▶ [Assigned task] Word for word, repeat the lines of the records from the first line up to and including the line that contains "a& O: g& ]7 a; ?", passing over any pictures.

▼▼▼

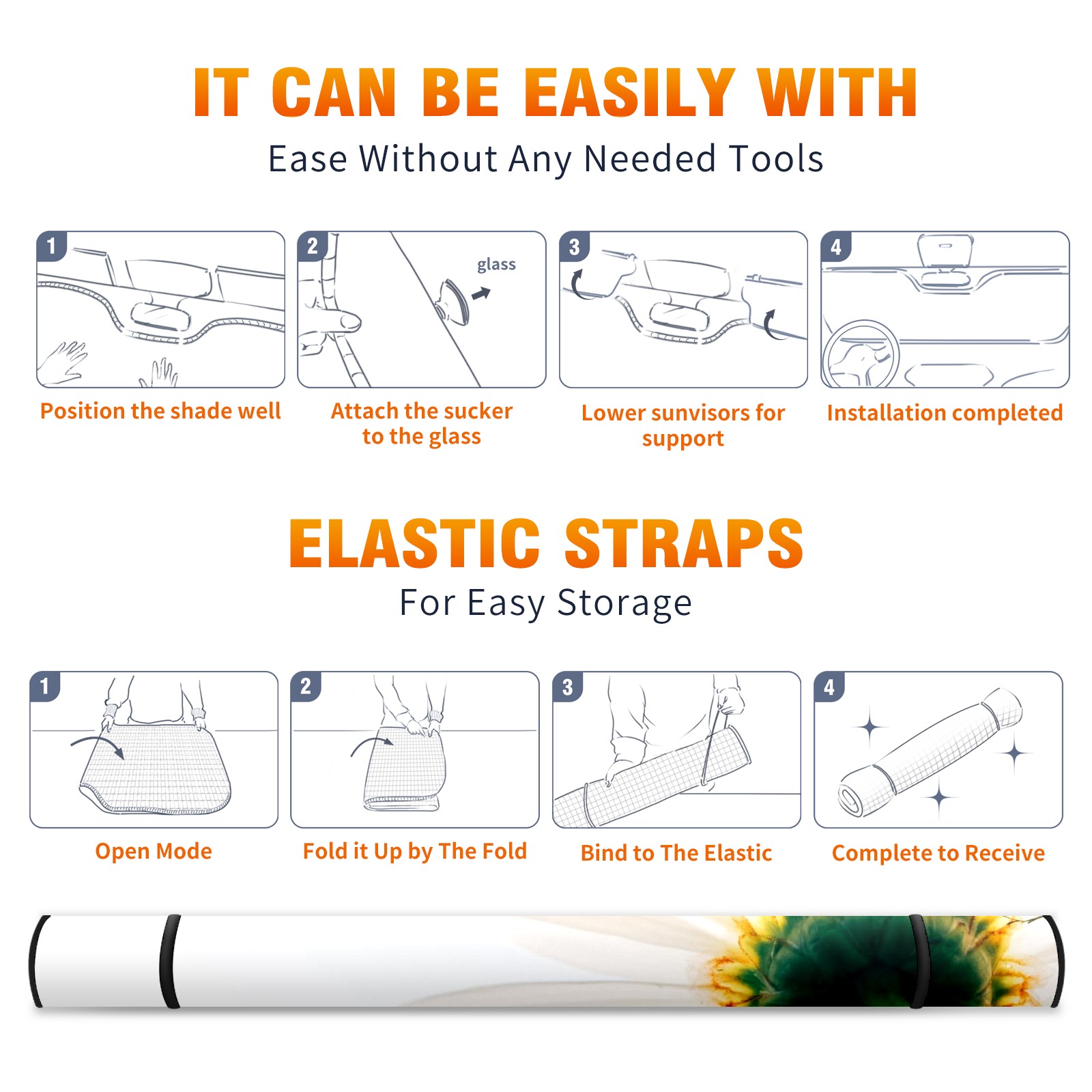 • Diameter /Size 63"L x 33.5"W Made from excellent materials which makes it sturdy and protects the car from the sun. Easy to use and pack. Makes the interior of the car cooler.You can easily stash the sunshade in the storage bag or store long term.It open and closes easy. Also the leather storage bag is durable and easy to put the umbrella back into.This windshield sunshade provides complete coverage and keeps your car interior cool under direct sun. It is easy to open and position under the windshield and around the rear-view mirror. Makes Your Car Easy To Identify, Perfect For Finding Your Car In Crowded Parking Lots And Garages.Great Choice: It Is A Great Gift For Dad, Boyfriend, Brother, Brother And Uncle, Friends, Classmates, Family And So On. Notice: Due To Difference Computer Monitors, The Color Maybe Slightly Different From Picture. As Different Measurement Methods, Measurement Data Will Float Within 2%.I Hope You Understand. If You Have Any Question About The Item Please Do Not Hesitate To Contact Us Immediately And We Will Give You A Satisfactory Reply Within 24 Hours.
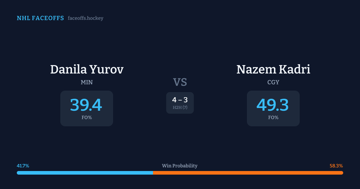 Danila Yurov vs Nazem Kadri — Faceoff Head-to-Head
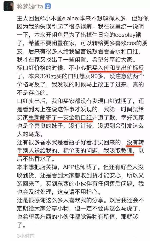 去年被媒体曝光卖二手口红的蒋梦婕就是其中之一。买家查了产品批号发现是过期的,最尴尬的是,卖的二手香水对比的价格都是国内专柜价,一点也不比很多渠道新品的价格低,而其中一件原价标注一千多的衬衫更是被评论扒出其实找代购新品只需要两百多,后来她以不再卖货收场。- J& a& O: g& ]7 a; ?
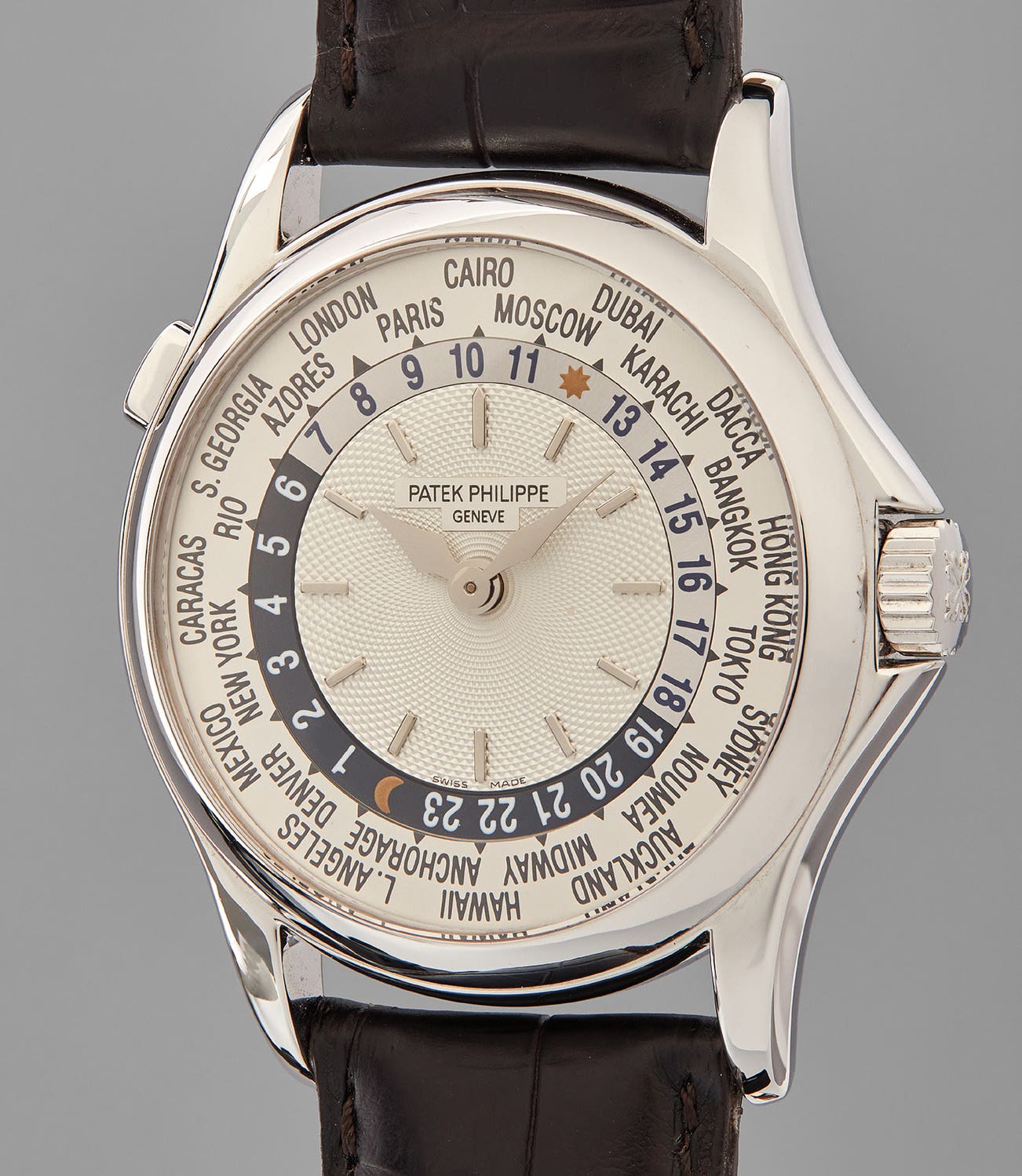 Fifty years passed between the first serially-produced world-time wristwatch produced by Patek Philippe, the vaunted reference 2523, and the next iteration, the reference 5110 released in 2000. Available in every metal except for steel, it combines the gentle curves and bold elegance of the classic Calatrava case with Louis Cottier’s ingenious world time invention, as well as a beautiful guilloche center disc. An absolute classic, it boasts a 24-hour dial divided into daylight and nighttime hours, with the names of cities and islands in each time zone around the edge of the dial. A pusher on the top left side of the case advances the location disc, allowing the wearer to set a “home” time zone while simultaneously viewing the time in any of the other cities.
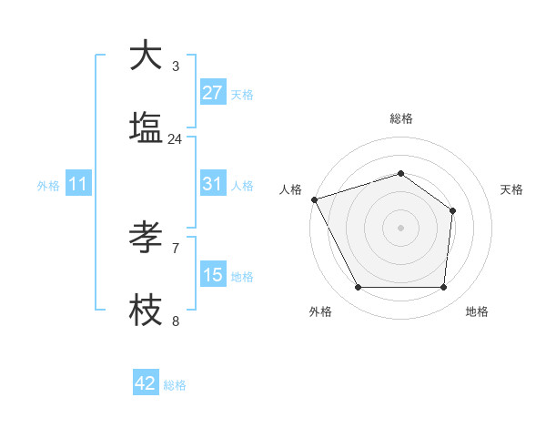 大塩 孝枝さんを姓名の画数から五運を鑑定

▲▲▲

▶ [Answer for the task]
 • Diameter /Size 63"L x 33.5"W Made from excellent materials which makes it sturdy and protects the car from the sun. Easy to use and pack. Makes the interior of the car cooler.You can easily stash the sunshade in the storage bag or store long term.It open and closes easy. Also the leather storage bag is durable and easy to put the umbrella back into.This windshield sunshade provides complete coverage and keeps your car interior cool under direct sun. It is easy to open and position under the windshield and around the rear-view mirror. Makes Your Car Easy To Identify, Perfect For Finding Your Car In Crowded Parking Lots And Garages.Great Choice: It Is A Great Gift For Dad, Boyfriend, Brother, Brother And Uncle, Friends, Classmates, Family And So On. Notice: Due To Difference Computer Monitors, The Color Maybe Slightly Different From Picture. As Different Measurement Methods, Measurement Data Will Float Within 2%.I Hope You Understand. If You Have Any Question About The Item Please Do Not Hesitate To Contact Us Immediately And We Will Give You A Satisfactory Reply Within 24 Hours.
 Danila Yurov vs Nazem Kadri — Faceoff Head-to-Head
 去年被媒体曝光卖二手口红的蒋梦婕就是其中之一。买家查了产品批号发现是过期的,最尴尬的是,卖的二手香水对比的价格都是国内专柜价,一点也不比很多渠道新品的价格低,而其中一件原价标注一千多的衬衫更是被评论扒出其实找代购新品只需要两百多,后来她以不再卖货收场。- J& a& O: g& ]7 a; ?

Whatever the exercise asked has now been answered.